Ms. Shull, who specializes in neuro-economics, is a former Chicago options trader who never could get her head around the dictum that feelings and intuition have no place in the numbers-driven world of modern trading. People entrusted with other people's money, she was told, must stick to their rational strategies and avoid letting their emotions and biases cloud their judgment.

That's a big mistake, because it's simply not possible for market players – or anyone else – to purge emotion from decision-making, Ms. Shull says by phone from New York, where her risk consulting firm, ReThink Group, is based. "In reality, they can't. We should be treating emotion as another source of information and data. But we don't. We should be doing it in an organized way. If we did that, we'd not only be able to manage our risk much better but would also ultimately be able to come up with more viable [trading and investing]strategies."

In one of her training sessions for new hires at a major U.S. bank, she explained the latest research that has affirmed the crucial role of emotions in all decisions. A couple of the newbies fresh out of schools like MIT graded her talk a zero on a scale of one to five.

Why? "I basically told them that all that money they just spent on their quantitative degree wasn't the answer."

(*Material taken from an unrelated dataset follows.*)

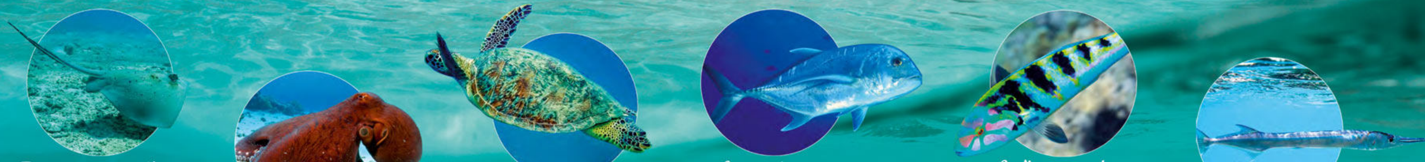
Raie à points noirs et bleus Neotrygon kuhlii

The quants and their complex computer models may not want to hear it, but the markets remain essentially social games played by a vast number of individuals, most of whom bounce somewhere between the fear of losing money and the fear of missing out on a profitable opportunity. "But they don't know it and they're trying purposely to set that fear aside. They ultimately lose that war, because logically and evolutionarily, at least, that fear is actually trying to protect you."

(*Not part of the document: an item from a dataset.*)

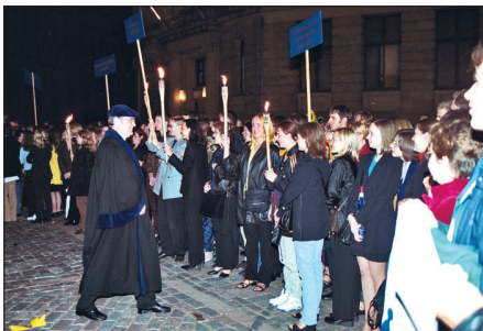
Aristoteļa svētkos ar fakultātes jaunojiem studentiem

Trading formulas and market theories, such as the formerly revered efficient-market hypothesis, that fail to account for human emotions can't possibly produce an accurate picture of the markets.

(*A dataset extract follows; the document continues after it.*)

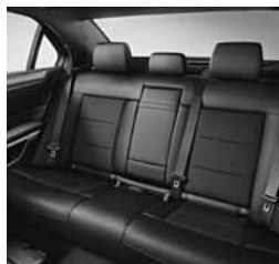
Imitacija usnja ARTICO/črna tkanina Grenoble (411)

To be consistently successful, investors have to be able to make social predictions, Ms. Shull says. In other words, get into the heads of other people and figure out what they are most likely to do.

"It's not as hard as it sounds," she says with a laugh. "We all are doing social prediction all the time, just to get through the day. We're just not conscious of it." It's what keeps us, for example, from bumping into others on the street. "Our brains are built to do social predictions. But no one has ever said: 'Hey, we should use this natural inborn trait to help us make market decisions.'"

In essence, "all you really care about is that someone down road will consider that stock worth more or less than you do now," she says. People who think of the market in those terms will be better at predicting what's likely to happen and therefore make better choices.

One client, who manages more than $1-billion (U.S.) of other people's money, told her that what helped him most was to remember that he is trading against other traders and their perceptions.

The average investor "doesn't have to know what my client is doing next. You just have to think about the other people like you who are investing."

That could help people avoid getting caught up in that most dangerous of emotions: the fear of missing out on the party. Research has shown that people worry more about FOMO than losing money. Which explains the frenzied demand for certain stocks with a sexy story (Is that Mark Zuckerberg listening at the keyhole?), driving them to levels not justified by either their prospects or track record.

The stock market is much less a numbers game than it seems to those who ignore its important social context – namely, what other people are going to value. "At the end of day, everybody can ask themselves: If I buy Apple today, is my neighbour down the street going to pay more for it in two years?"